Stealing and leaking emails from the Democratic National Committee could be just the start. Hacking the presidential election itself could be next, a bipartisan group of former intelligence and security officials recently warned. Whomever was behind the DNC hack also could target voting machines and the systems for tabulating votes, which are dangerously insecure. “Election officials at every level of government should take this lesson to heart: our electoral process could be a target for reckless foreign governments and terrorist groups,” wrote 31 members of the Aspen Institute Homeland Security Group, which includes a former director of the Central Intelligence Agency and a former secretary of Homeland Security. That echoes warnings computer security experts have been sounding for more than a decade: that the system for casting and counting votes in this country is also ripe for mischief. … Thirty-one states and the District of Columbia allow military personnel and overseas voters to return their ballots electronically, according to Verified Voting, a non-profit group that advocates transparency and security in U.S. elections. “The election official on the receiving end has no way to know if the voted ballot she received matches the one the voter originally sent,” the group warns. Some ballots are sent through online portals, which exposes the voting system to the internet. And that’s one of the most dangerous things elections officials can do, because it provides a remote point of access for hackers into the election system.

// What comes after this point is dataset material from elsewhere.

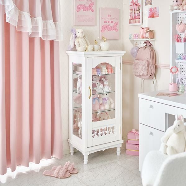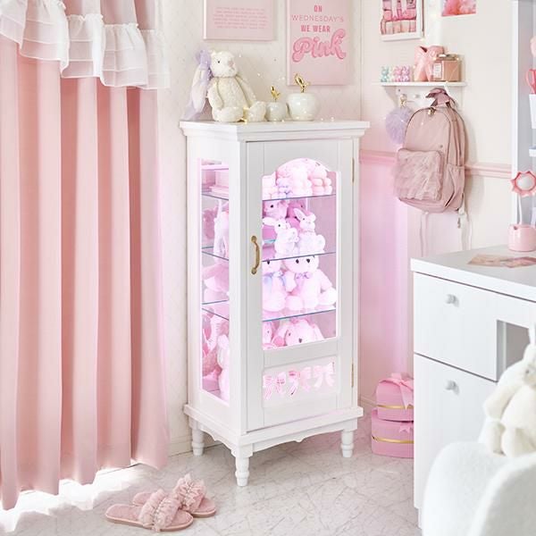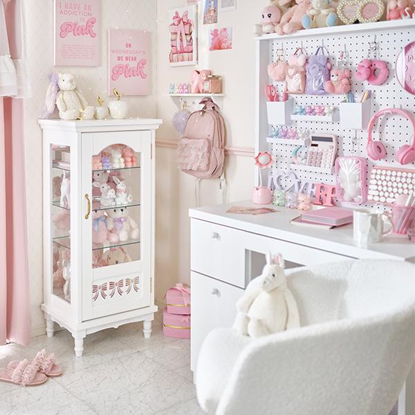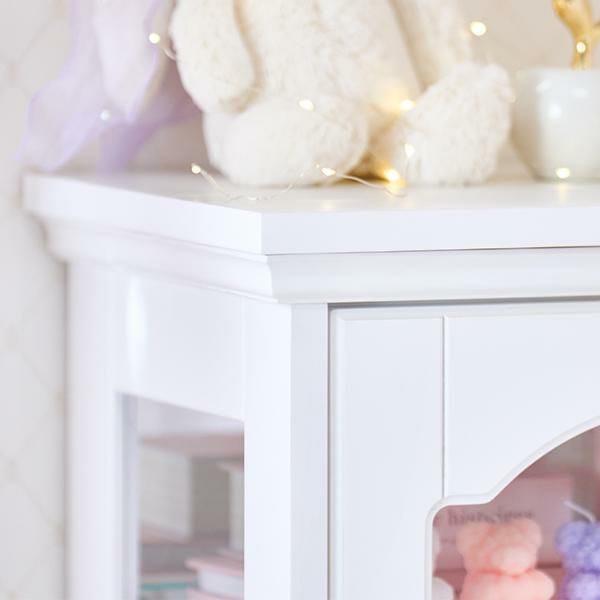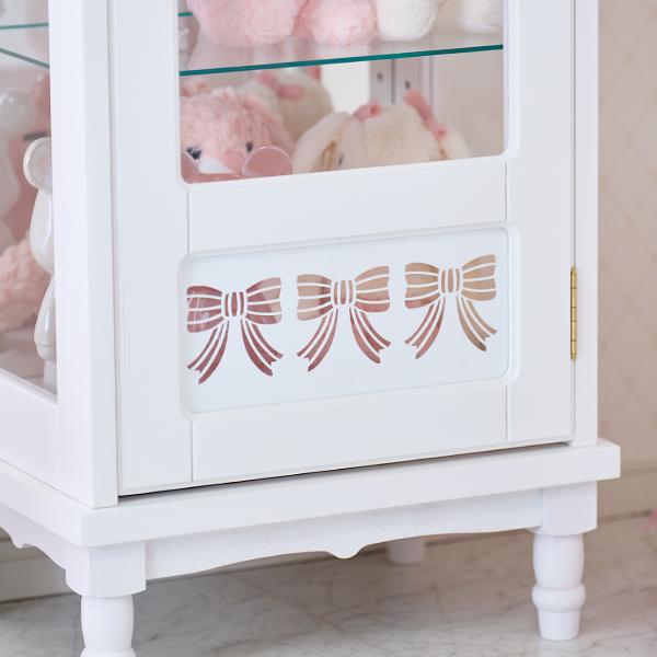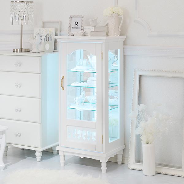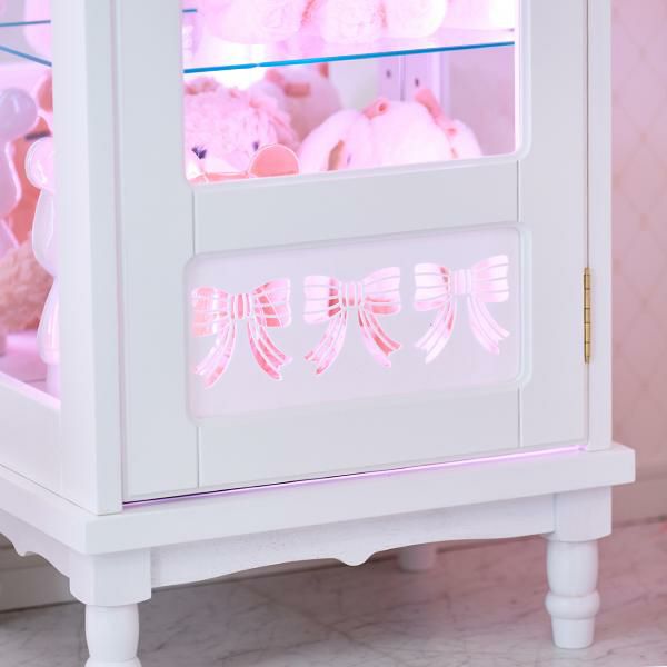 カラフルにライティングできるLEDライト付きのガラスキャビネット。付属のコントローラーで色味や彩度を調整し、好みのカラーに変更可能で、明るさや光り方などの調整できます。棚板は高さ調整も可能なガラス製で、背面もミラー仕様で高級感があり、ディスプレイ映えする仕様になっています。推しカラーでディスプレイしたりと、推し活がより一層楽しめる究極の推し活キャビネットです。また消灯時でも、ホワイトクラシカルな佇まいで、ロマンティックテイストなお部屋にも馴染むデザインとなっています。1つ1つが国内生産で丁寧に仕上げられた逸品で、推しとの素敵な空間をお部屋につくってみませんか。

“Anything that doesn’t absolutely have to be connected to the internet, don’t connect it,” Pamela Smith, Verified Voting’s president, told The Daily Beast. U.S. officials have also given that same advice to the owners and operators of critical infrastructure, such as electrical power grids. Smith and her colleagues recently told U.S. officials crafting computer security guidelines that elections systems should also be treated as vital national assets, and protected as such. “Without encryption, emailed ballots can be easily modified or manipulated en massewhile in transit from the voter to the local election officials,” David Jefferson, a voting security expert and computer scientist at Lawrence Livermore National Laboratory, warned in a blog post in 2011.
The threat is still real. Jefferson called it “trivial” for someone with a modicum of technical skills to filter out ballots from a particular county or state and “to automate a process to either discard ballots that contain votes she does not like, or replace them with forged ballots that she likes better, all the while keeping the voter’s signed waiver and envelope attachments intact. Such malicious activity would only result in a transmission delay on the order of one second or so.”
Most states that allow voters to return ballots via the internet limit the practice to overseas voters. But in close elections, those votes could make a difference. Alaska is also unique in that it allows anyone in the state to send in their ballots online. “Marking and sending votes over the internet is my biggest concern,” Smith said. “They could be infected or tampered with. Or something could just go wrong and you couldn’t do a good recount.” That’s especially concerning in states that allow voters to electronically return their ballots but don’t have paper backups to record how that person actually voted.